On the origins of Aviation Nation
We developed a coffee table-style book in time for the centennial called Pathway to the Stars, boasting over 100 stories for the 100 years of the air force.
It has since become a national bestseller. We’ve sold almost 10,000 copies in the last 15 months, but as we started to speak to some of the public, we realized that we could build on something geared more toward a younger audience. Not a lot of 10-year-olds, at least to my knowledge, are picking up and reading coffee books.
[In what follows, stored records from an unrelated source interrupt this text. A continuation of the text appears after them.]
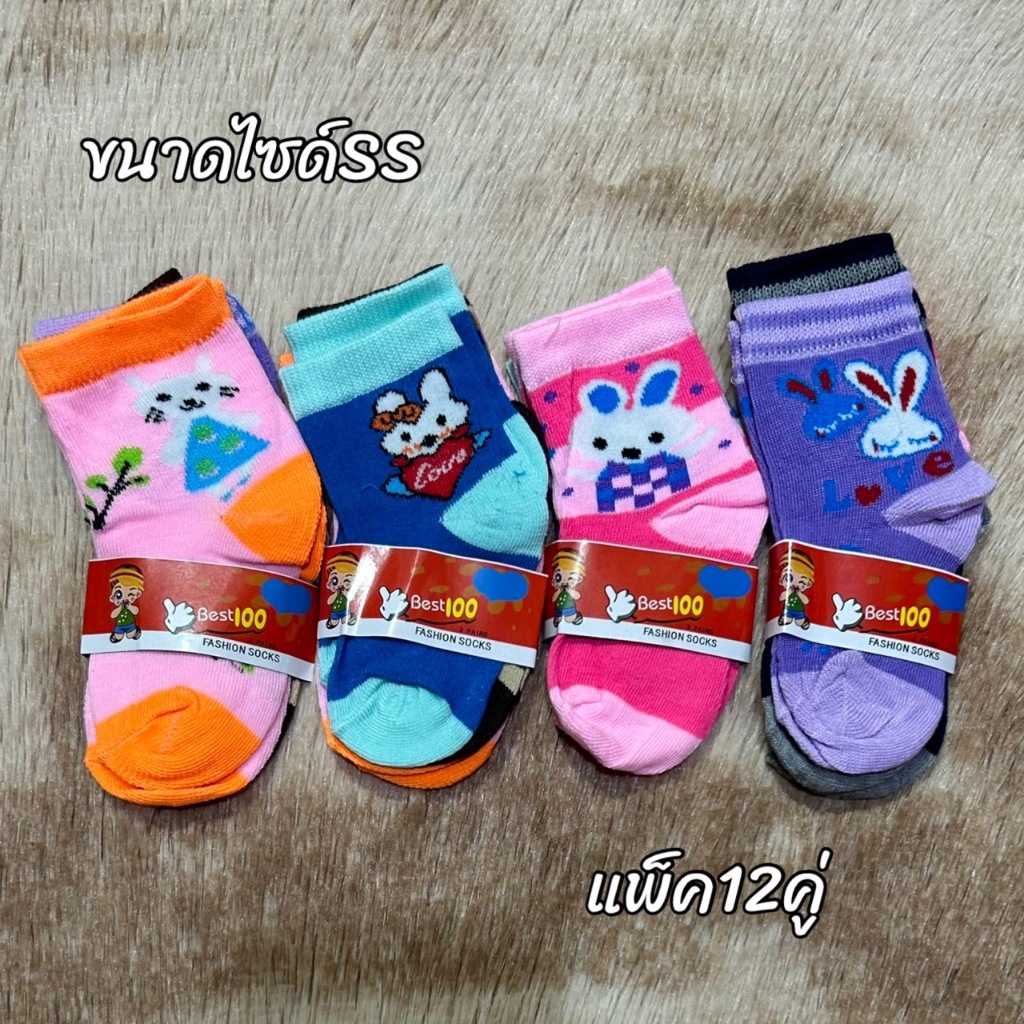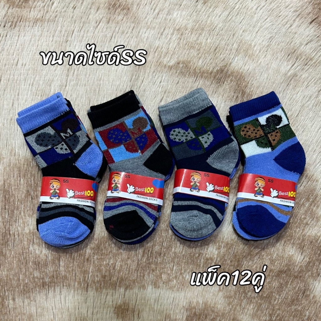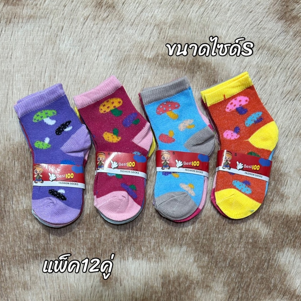 ถุงเท้าแพ็ค12คู่ ถุงเท้าเด็กหญิงสีหวาน/เด็กชายสีเข้ม ลายน่ารัก ทางร้านจะสุ่มลายให้ รวมสีในแพ็ค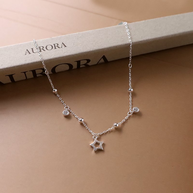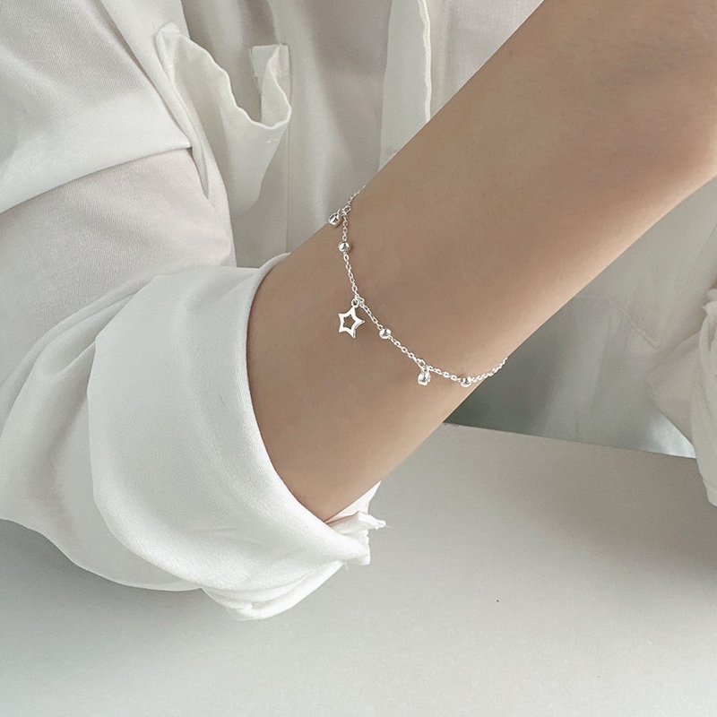 HB-264-C 珠珠垂吊星星單鑽細銀手鍊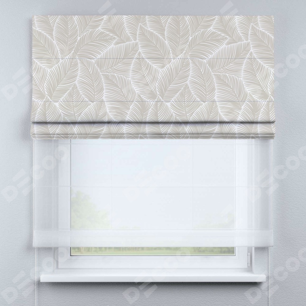 Римская штора день-ночь производителя «Cortin», используется для проёма, пошита из двух полотен, с лицевой блэкаут с нанесением сублимационной печати «Бежевые листья», вторая ткань тюль (по стандарту комплектуется тюль белого цвета артикул V-01). Имеет универсальный механизм и подходит для монтажа: на потолок, на стену и в нишу.

We wanted to create a complementary version of Pathway called Aviation Nation. It takes 65 of those stories—people, events, and machines—from the RCAF and, more broadly, the aviation history of Canada and turns them into something more accessible for those younger audiences. We worked with a professional illustrator to create amazing and beautiful illustrations of each of these stories.
But it also goes further than that in two ways. One was to build learning tools out of it. So, teachers can pick up a student workbook or resource guide and connect stories in the book with the curriculum. For this, we worked with the Faculty of Education at Laurier University to create these free, high-quality learning tools.
The second thing to complement the book was creating digital content. We decided to make short videos, animations, and bite-sized histories. You want to learn about the Avro Arrow, but you’re 10 years old? The chances are you’re not going to read a 300-page book about it. But our videos are compact histories for younger people.
On his hopes for the book
We wanted it to be very accessible to both young girls and young boys. It was very purposeful that many of the stories in Pathway to the Stars and then Aviation Nation explore the unknown and the underrepresented. The impact of women in Canadian aviation history, for example, is significant and impressive, while not being told enough. We’re talking [WW II-era aeronautical engineer] Elsie MacGill. We’re talking [groundbreaking search-and-rescue technician] Tammy Negraeff. And we’re talking [aerospace engineer] Nancy Tremblay. They’re all in the book for doing incredible things against incredible odds.
To know a young girl is reading those stories, and hopefully, or possibly, or I’d like to think probably being inspired by those women of their time, pioneers as we see them today, is one of the main objectives of our book. And we’re already seeing it.
Equally, when we tend to talk about the air force, and aviation as a whole, we often highlight the pilots. But very few people in the air force today and over the history of the air force have been pilots. There are so many other aspects of aviation. And there’s an opportunity through the book to see what most interests young readers.
Fundamentally, I want readers to be inspired. I want them to learn something new, to say, “I didn’t know we did that in Canada,” or “I didn’t know we invented that,” or “I didn’t know that was a Canadian thing.” Maybe it could get a young person interested in something that they never thought about before. Even I must admit that not everybody thinks about planes in the air force, but maybe they do after reading the book. That could be when they realize, “maybe I’ll do that one day.”
Aviation Nation: How Canadians Contributed to Flight and Space Around the World is available now.
This abridged interview has been edited for brevity and clarity.